How we cite our quotes: (Chapter.Paragraph)
Quote #1
"A substitute, then. Your recommendation, Mr. Childan?" Tagomi deliberately mispronounced the name; insult within the code that made Childan's ears burn. Place pulled, the dreadful mortification of their situation. Robert Childan's aspirations and fears and torments rose up and exposed themselves, swamped him, stopping his tongue. He stammered, his hand sticky on the phone. (1.10)
We're only a few paragraphs in and already we see people using power against each other. We love this example because it's such a minor muscle flexing on Tagomi's part—he's just mispronouncing a name, so it could be an accident. Oh, but it's not, and Childan is just crushed by this "social" power.
Quote #2
It horrified him, this thought: the ancient gigantic cannibal near-man flourishing now, ruling the world once more. We spent a million years escaping him, Frink thought, and now he's back. And not merely as the adversary ... but as the master. (1.62)

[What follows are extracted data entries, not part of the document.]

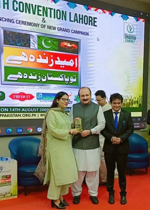 Ms. Sana Asif, Faculty member of Intermediate College & Pakistan Studies Department received an award from Rana Mashood Ahmed at the Youth Convention held at Qadaffi Stadium for her contributions as a teacher, motivational speaker, entrepreneur, marvellous speaker, researcher and an inspiration for youth.
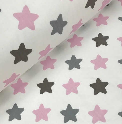 Хлопковая ткань (бязь) 160см “Звезды (пряники) розово – серые” (0,5*1,6м)
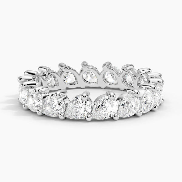 This Pear Eternity Lab Diamond Ring features a continuous row of precisely cut lab-grown diamonds set in a pear shape, symbolizing eternal elegance. Crafted with expert attention to detail, it offers exceptional brilliance and ethical sourcing. Ideal for those seeking a sophisticated, sustainable choice that combines timeless design with modern craftsmanship.

Childan may have to deal with Japanese social power, but Frank Frink has another worry, which is that the savage Nazis can get him wherever he goes. It might seem like a flight of imagination to imagine the Nazis as cavemen (oh, whimsical), but this expresses Frank's anxiety as clearly as Childan getting tongue-tied.
Quote #3
And yet old W-M was really very powerful. He owned controlling interests in a variety of enterprises, speculations, real estate. As well as the W-M Corporation factory. (4.2)
Frank Frink thinks of Wyndam-Matson purely as an economic power, owning a bunch of real estate and businesses. But as we see later, W-M also has connections with the government and the police, though they may be secret. (That's real power, when no one knows.)